> [TASK DIRECTIONS]: Look below for the line with "Manizales realizará la" and the line with "Обычно Зара предпочитает"; repeat exactly those two lines and all lines between them, but no pictures.

** SUPPLIED MATERIAL follows **

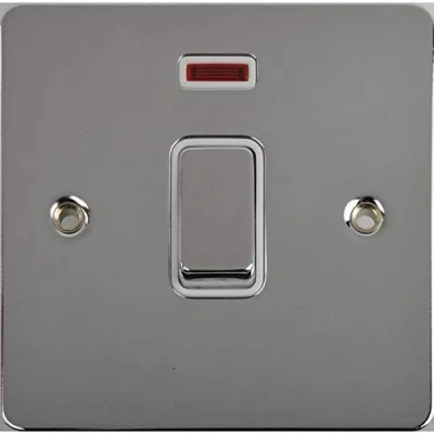 Schneider Electric Ultimate Flat Plate Single Light Switch, with Neon Indicator, Double Pole, GU2211WPC, Polished Chrome White Insert
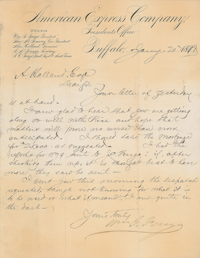 Businessman (1818-1881) who co-founded the famous express firm Wells, Fargo & Co., served as president of American Express, and later directed the New York Central and Northern Pacific Railways. Extremely rare ALS signed “Wm. G. Fargo,” one page, 7.75 x 10, American Express Company letterhead, January 20, 1880. Letter to American Express Treasurer Alex Holland, in part: "I am glad to hear that you are getting along so well with Rice and hope that matters will prove no worse than were anticipated. I should take the mortgage for $25,000 as suggested. I had the report & for 1879 sent to J. C. Fargo: if, after checking them up, it is thought best to have more, they can be sent. I sent you this morning the dispatch requested, though not knowing for what it is to be asked or what it means. I am quite in the dark." In fine condition, with strips of toning to the top and bottom. While Fargo-signed stock certificates are common, letters are exceedingly scarce—this is the first example we have ever encountered.
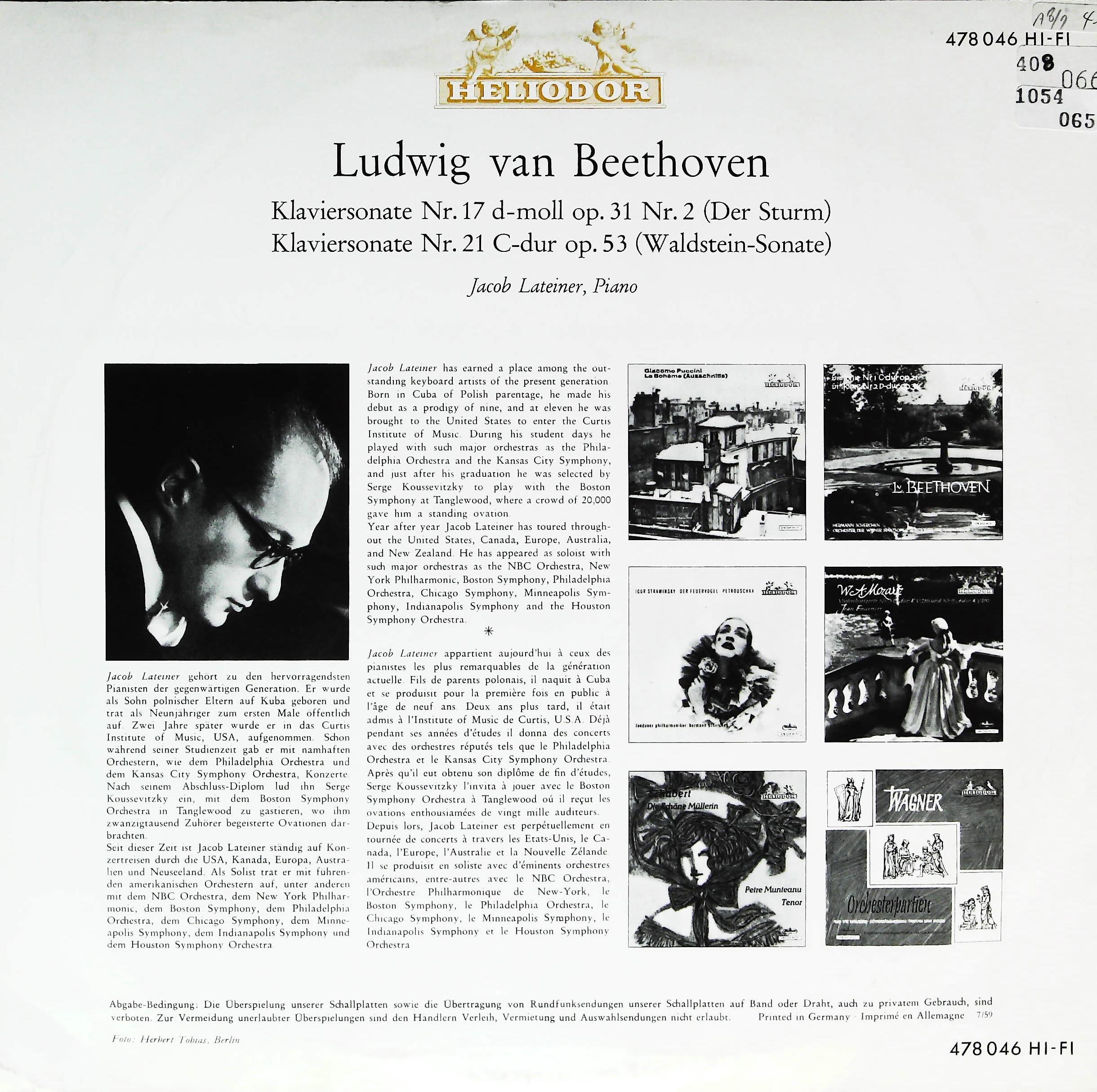 商品コード:1054-065[HELIODOR] J.ラテイナー(pf)/ベートーヴェン:Pfソナタ17番「テンペスト」, Pfソナタ21番「ワルトシュタイン」
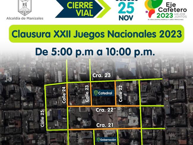 Manizales realizará la clausura de los Juegos Nacionales - Eje Cafetero 2023 este sábado desde la 6:00 p.m. Es por ello que para la realización de este evento la Secretaría de Movilidad programó varios cierres viales.
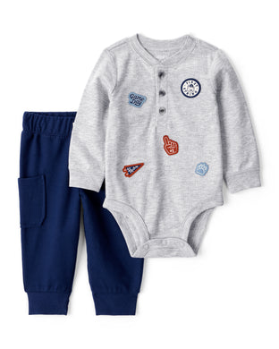 2-Piece Legend Short-Sleeve Waffle Knit Bodysuit & Pant Set - Grey
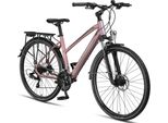 Das Trekkingrad hat ein zulässiges Gesamtgewicht von bis zu 95 kg, was es ideal für verschiedene Körpergrößen und -gewichte macht. Das Rosa Design des Rahmens ist nicht nur schick, sondern auch robust.
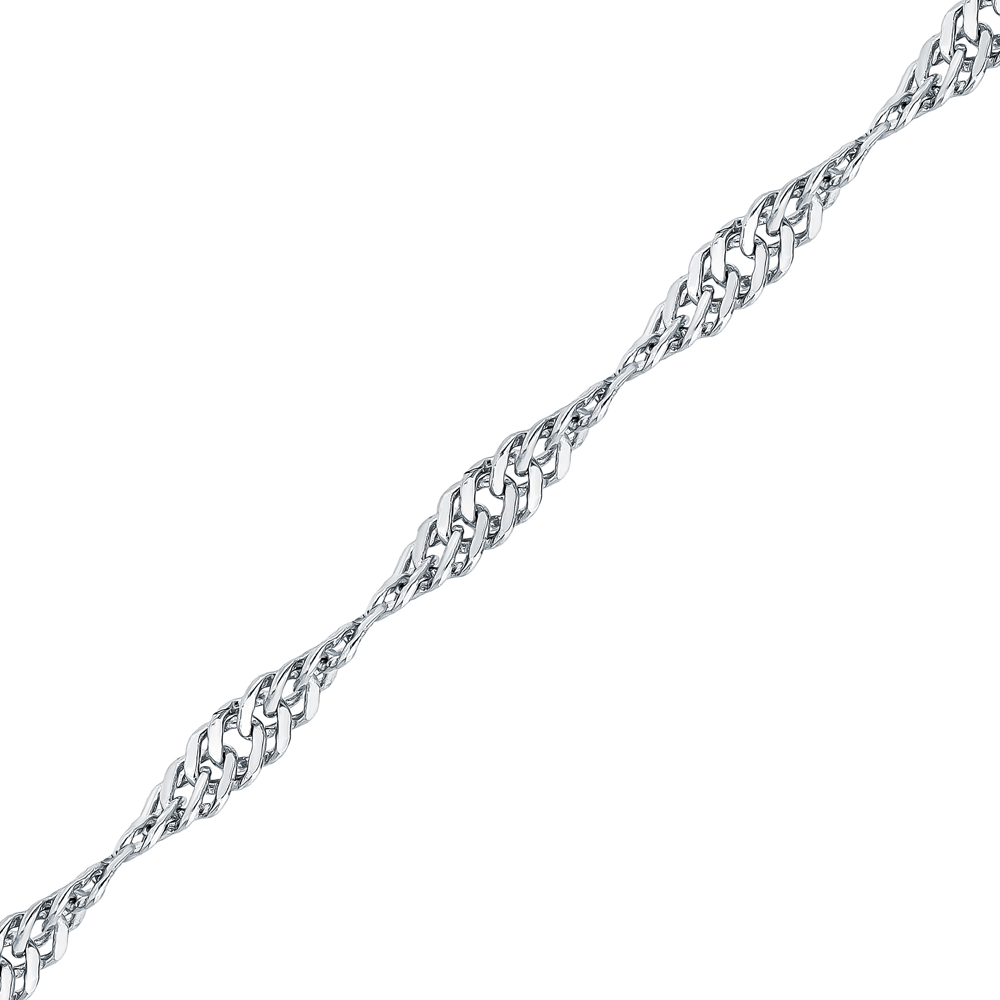 "Сингапур" - плетение на основе двойного панцирного плетения. Звенья в цепи соединены в сложную спиралевидную структуру, обеспечивая потрясающий блеск от солнечных лучей под разным углом.
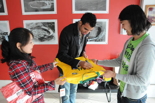 O ponto alto ficou para o esperado encontro com o ídolo Sandro. Assim que ele despontou na porta do vestiário, Yuka começou a gritar o nome do volante. Nem a barreira da língua diminuiu a interação, já que ela conversava em um misto de português e inglês Esbanjando simpatia, Sandro deu atenção especial aos fãs, que o presentearam com lembranças do Japão, entre elas um amuleto que, segundo Yuka, atrai vitórias. "Que legal! Uma vitória já conquistamos, tomara que outra seja alcançada no próximo jogo", disse Sandro, que presenteou a torcedora japonesa com uma camisa oficial do Inter.
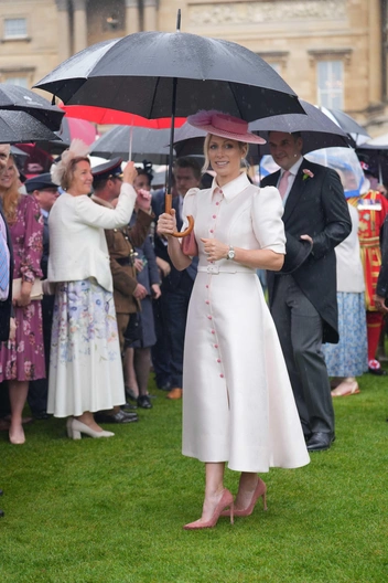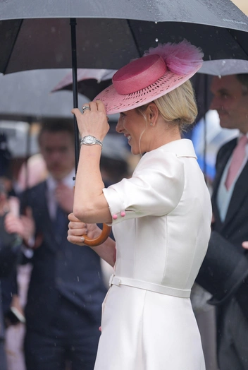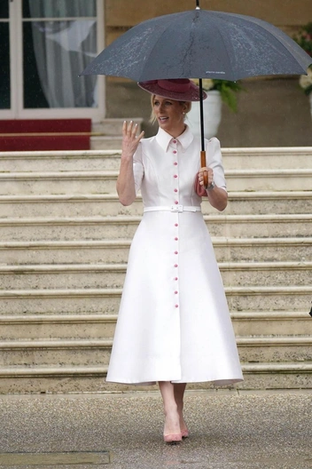 Обычно Зара предпочитает стиль casual и не стесняется появляться на публике в джинсах, майке или открытой обуви. Зато, когда намечается торжественное мероприятие, аристократка подбирает поистине королевские луки. Сегодня на Заре было белое платье с акцентом на талии и короткими рукавами-фонариками. Перламутровая ткань эффектно переливалась на солнце, а ярко-розовые пуговицы разбавляли нежный оттенок наряда. Образ дополнили замшевые лодочки кораллового оттенка и эффектная ажурная шляпка с аккуратными цветами. В качестве прически Зара выбрала привычный для себя вариант собранных волос с волнистыми прядями. Из украшений на Заре были бриллиантовые серьги и стальные часы.
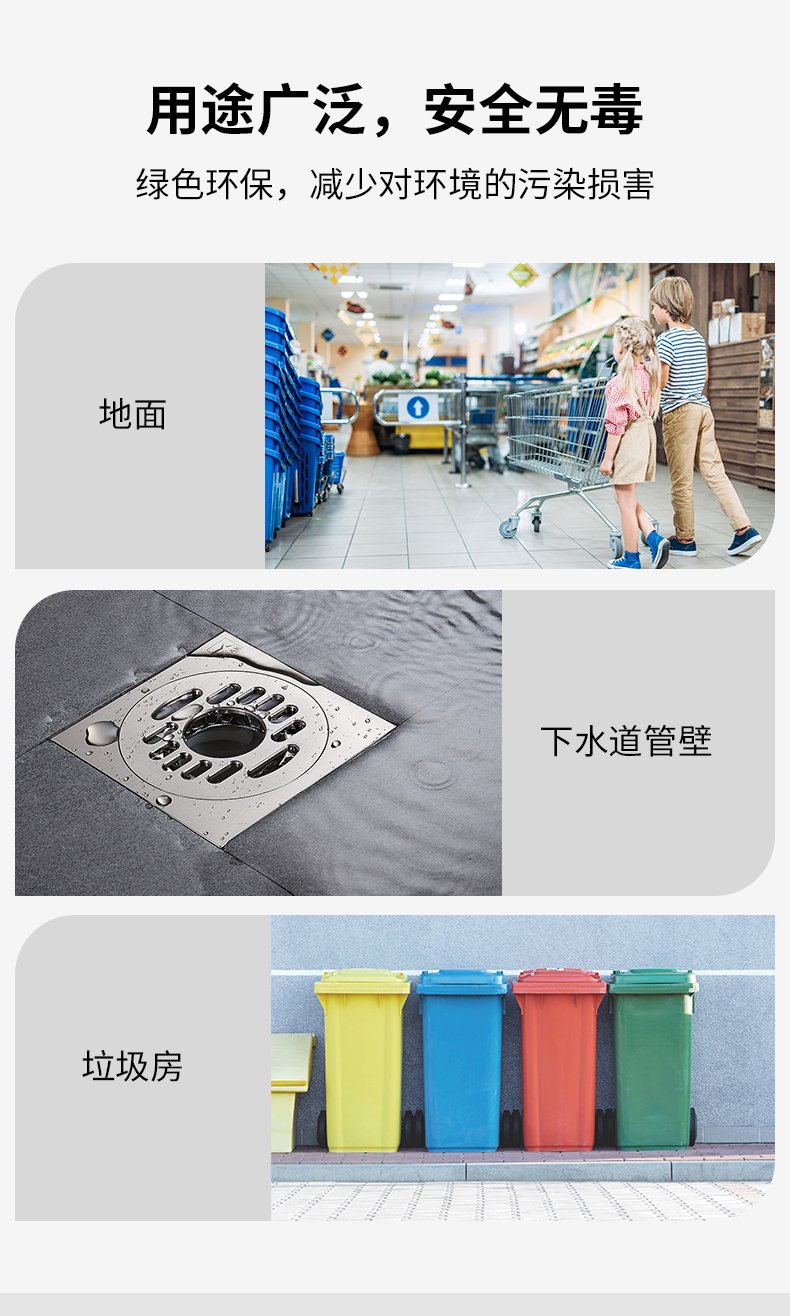 El Desodorizante de Residuos es ideal para eliminar los olores difíciles de los pisos ocupados y cercanos, desagües, rincones turbios difíciles de limpiar, montones de residuos, cubos de basura, carros de basura, estanques de residuos y suelos malolientes.

** End of SUPPLIED MATERIAL **

> [RESPONSE]:
 Manizales realizará la clausura de los Juegos Nacionales - Eje Cafetero 2023 este sábado desde la 6:00 p.m. Es por ello que para la realización de este evento la Secretaría de Movilidad programó varios cierres viales.
 2-Piece Legend Short-Sleeve Waffle Knit Bodysuit & Pant Set - Grey
 Das Trekkingrad hat ein zulässiges Gesamtgewicht von bis zu 95 kg, was es ideal für verschiedene Körpergrößen und -gewichte macht. Das Rosa Design des Rahmens ist nicht nur schick, sondern auch robust.
 "Сингапур" - плетение на основе двойного панцирного плетения. Звенья в цепи соединены в сложную спиралевидную структуру, обеспечивая потрясающий блеск от солнечных лучей под разным углом.
 O ponto alto ficou para o esperado encontro com o ídolo Sandro. Assim que ele despontou na porta do vestiário, Yuka começou a gritar o nome do volante. Nem a barreira da língua diminuiu a interação, já que ela conversava em um misto de português e inglês Esbanjando simpatia, Sandro deu atenção especial aos fãs, que o presentearam com lembranças do Japão, entre elas um amuleto que, segundo Yuka, atrai vitórias. "Que legal! Uma vitória já conquistamos, tomara que outra seja alcançada no próximo jogo", disse Sandro, que presenteou a torcedora japonesa com uma camisa oficial do Inter.
 Обычно Зара предпочитает стиль casual и не стесняется появляться на публике в джинсах, майке или открытой обуви. Зато, когда намечается торжественное мероприятие, аристократка подбирает поистине королевские луки. Сегодня на Заре было белое платье с акцентом на талии и короткими рукавами-фонариками. Перламутровая ткань эффектно переливалась на солнце, а ярко-розовые пуговицы разбавляли нежный оттенок наряда. Образ дополнили замшевые лодочки кораллового оттенка и эффектная ажурная шляпка с аккуратными цветами. В качестве прически Зара выбрала привычный для себя вариант собранных волос с волнистыми прядями. Из украшений на Заре были бриллиантовые серьги и стальные часы.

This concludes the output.